## Directions for this task
Give exactly the lines from the one with "By referring to" through the final line of the listing below, both included, leaving out any pictures.

## Input data
--*--

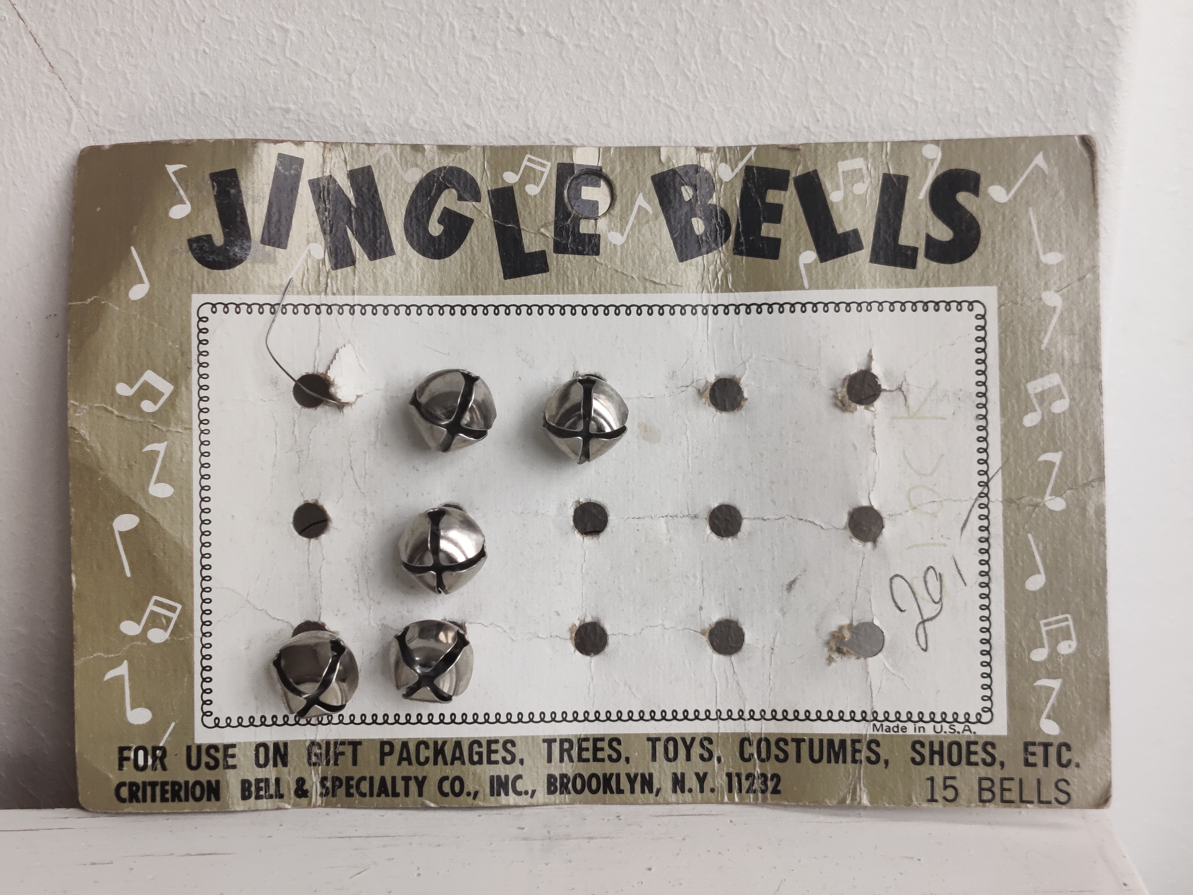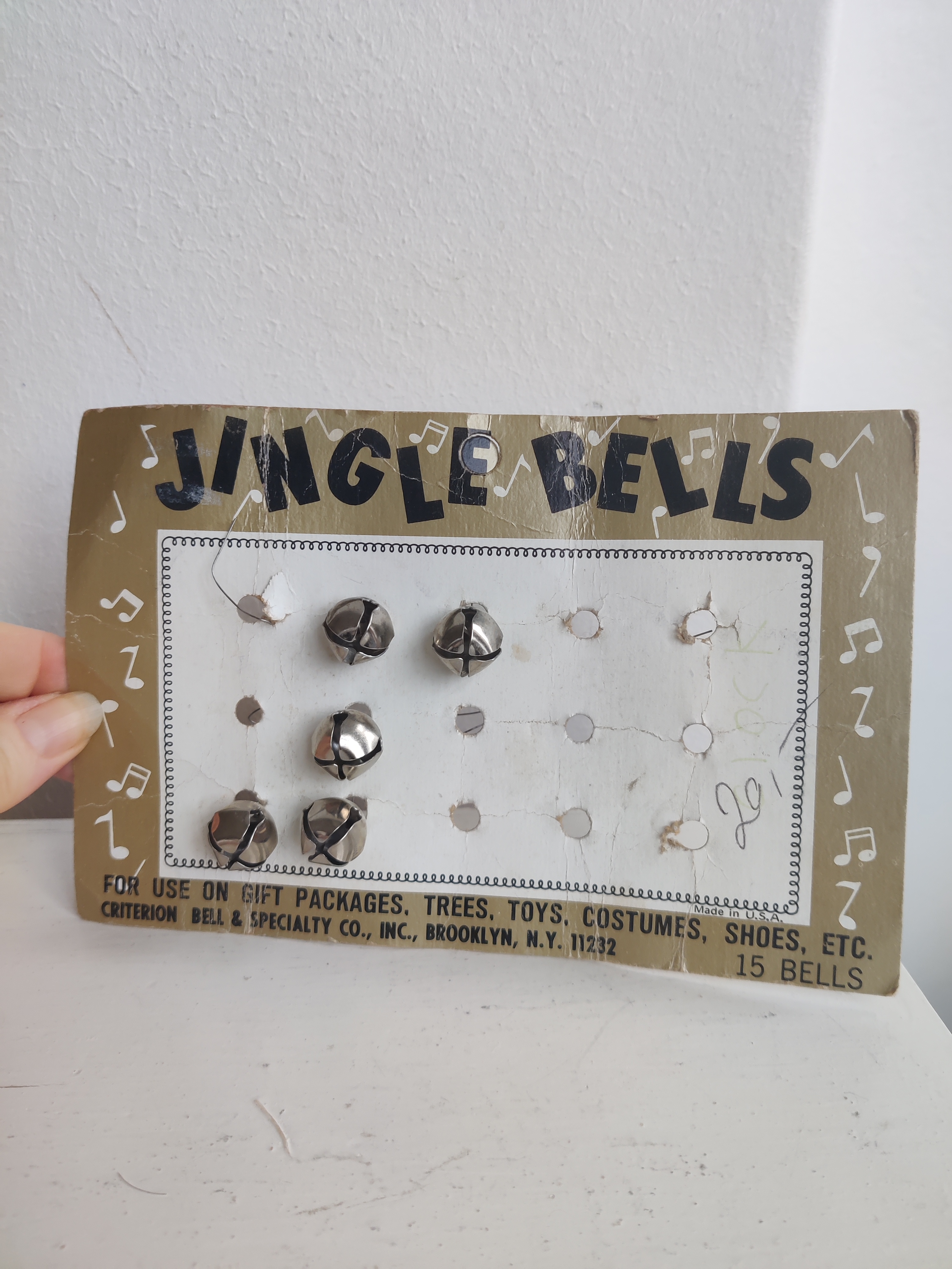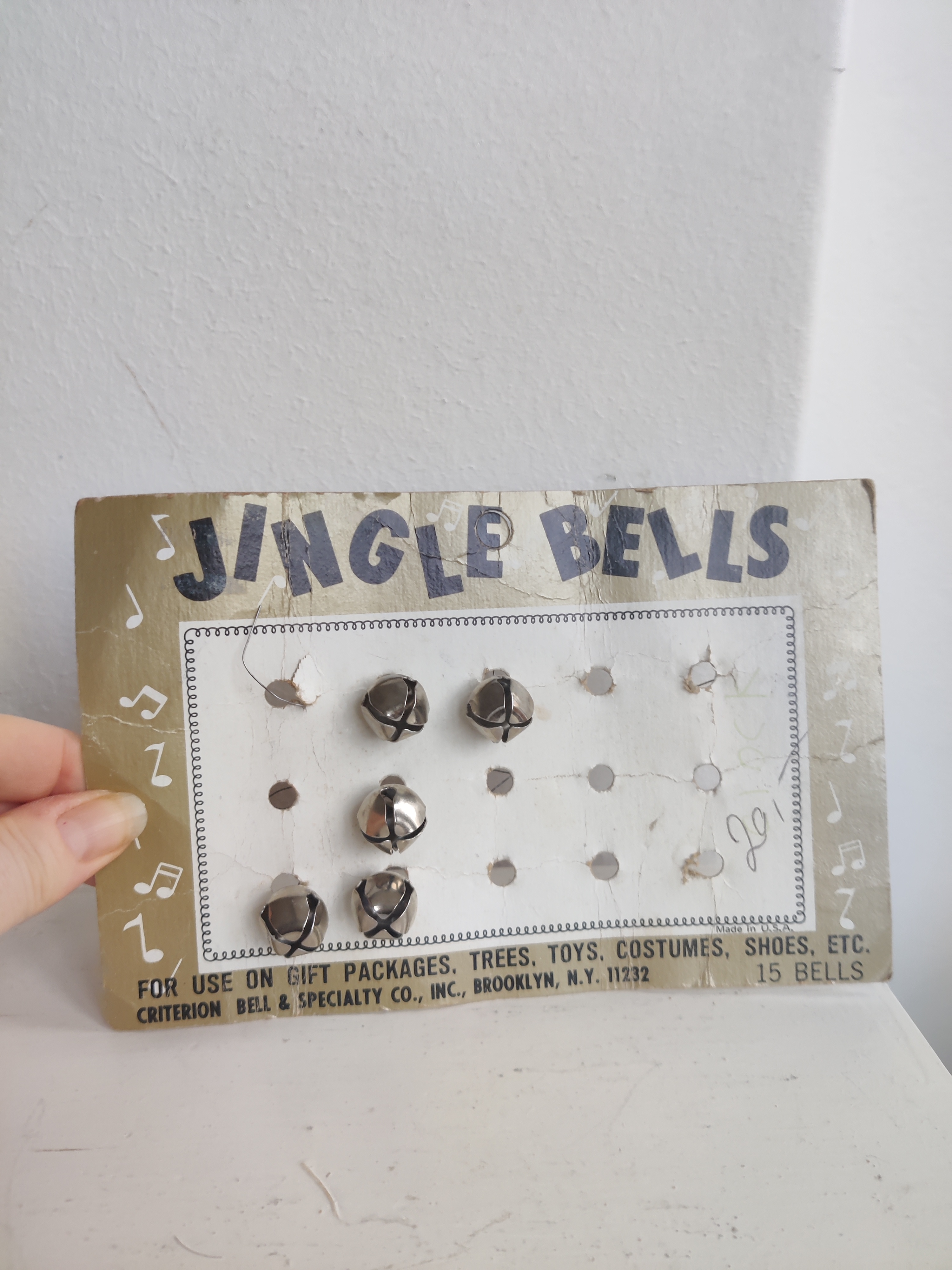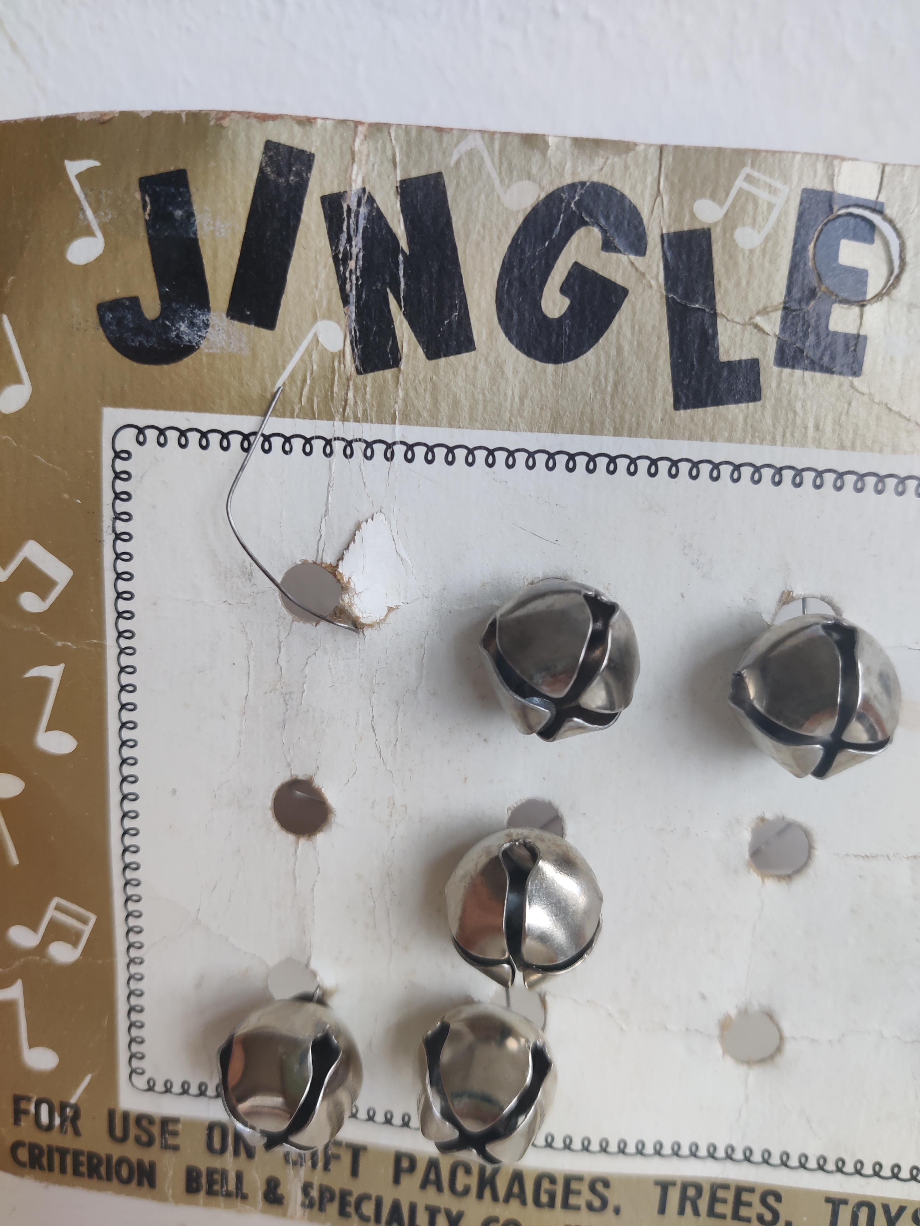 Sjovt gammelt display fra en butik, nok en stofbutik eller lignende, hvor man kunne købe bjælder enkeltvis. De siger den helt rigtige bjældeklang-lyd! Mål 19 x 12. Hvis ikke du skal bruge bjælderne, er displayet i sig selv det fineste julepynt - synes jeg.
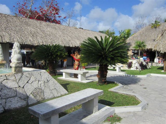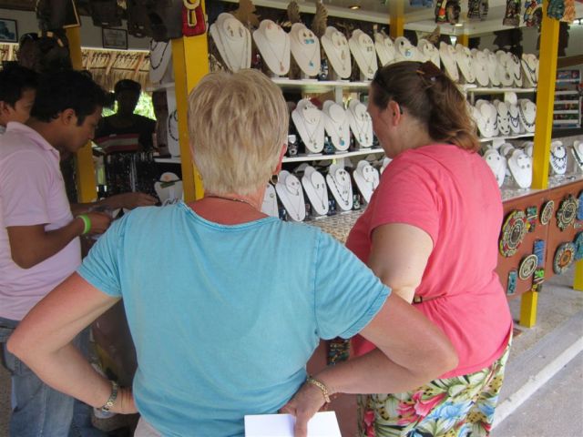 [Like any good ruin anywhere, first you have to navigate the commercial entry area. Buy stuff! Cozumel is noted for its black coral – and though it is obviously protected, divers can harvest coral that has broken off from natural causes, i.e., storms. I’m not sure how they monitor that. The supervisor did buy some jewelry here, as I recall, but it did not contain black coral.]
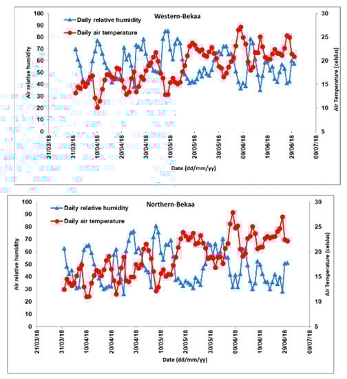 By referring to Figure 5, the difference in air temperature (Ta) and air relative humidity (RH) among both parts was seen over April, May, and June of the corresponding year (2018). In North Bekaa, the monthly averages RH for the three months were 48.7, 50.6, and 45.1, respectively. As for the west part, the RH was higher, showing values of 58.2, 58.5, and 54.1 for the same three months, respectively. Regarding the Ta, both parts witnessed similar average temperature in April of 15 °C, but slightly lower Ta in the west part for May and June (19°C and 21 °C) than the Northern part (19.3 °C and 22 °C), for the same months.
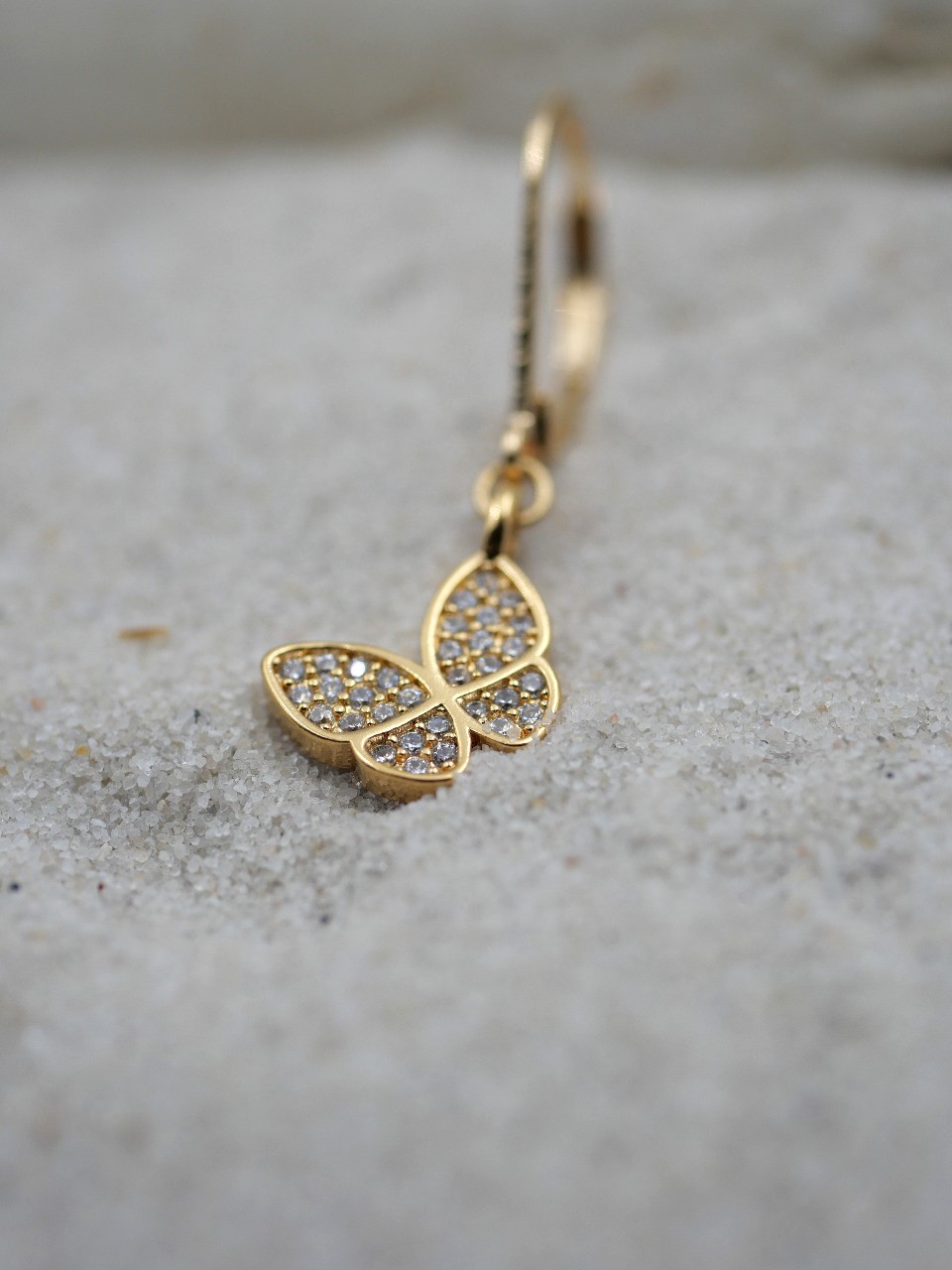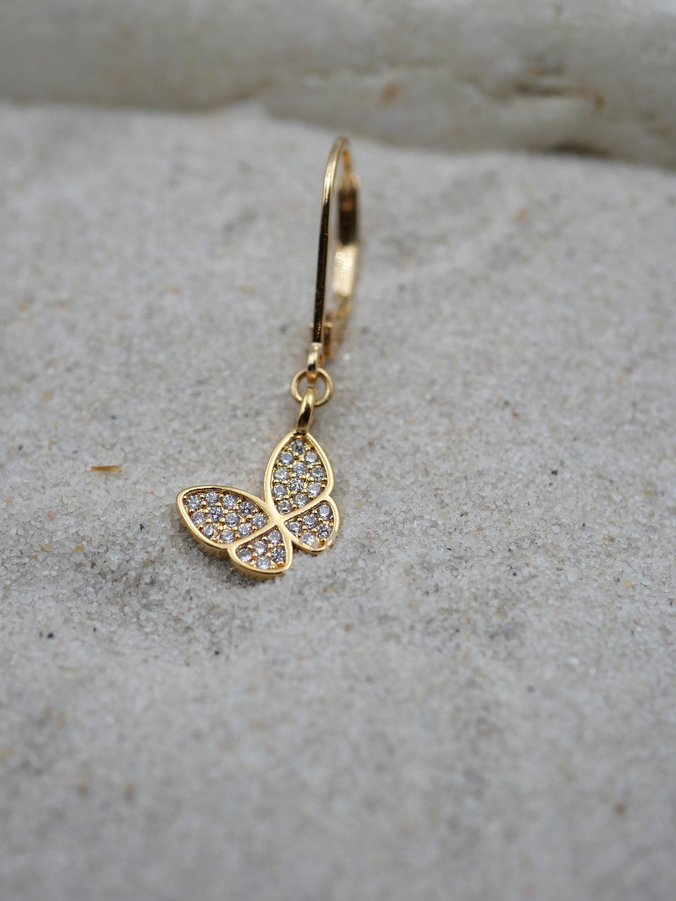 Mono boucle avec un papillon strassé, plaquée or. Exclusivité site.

--*--

## Result of this task
 By referring to Figure 5, the difference in air temperature (Ta) and air relative humidity (RH) among both parts was seen over April, May, and June of the corresponding year (2018). In North Bekaa, the monthly averages RH for the three months were 48.7, 50.6, and 45.1, respectively. As for the west part, the RH was higher, showing values of 58.2, 58.5, and 54.1 for the same three months, respectively. Regarding the Ta, both parts witnessed similar average temperature in April of 15 °C, but slightly lower Ta in the west part for May and June (19°C and 21 °C) than the Northern part (19.3 °C and 22 °C), for the same months.
 Mono boucle avec un papillon strassé, plaquée or. Exclusivité site.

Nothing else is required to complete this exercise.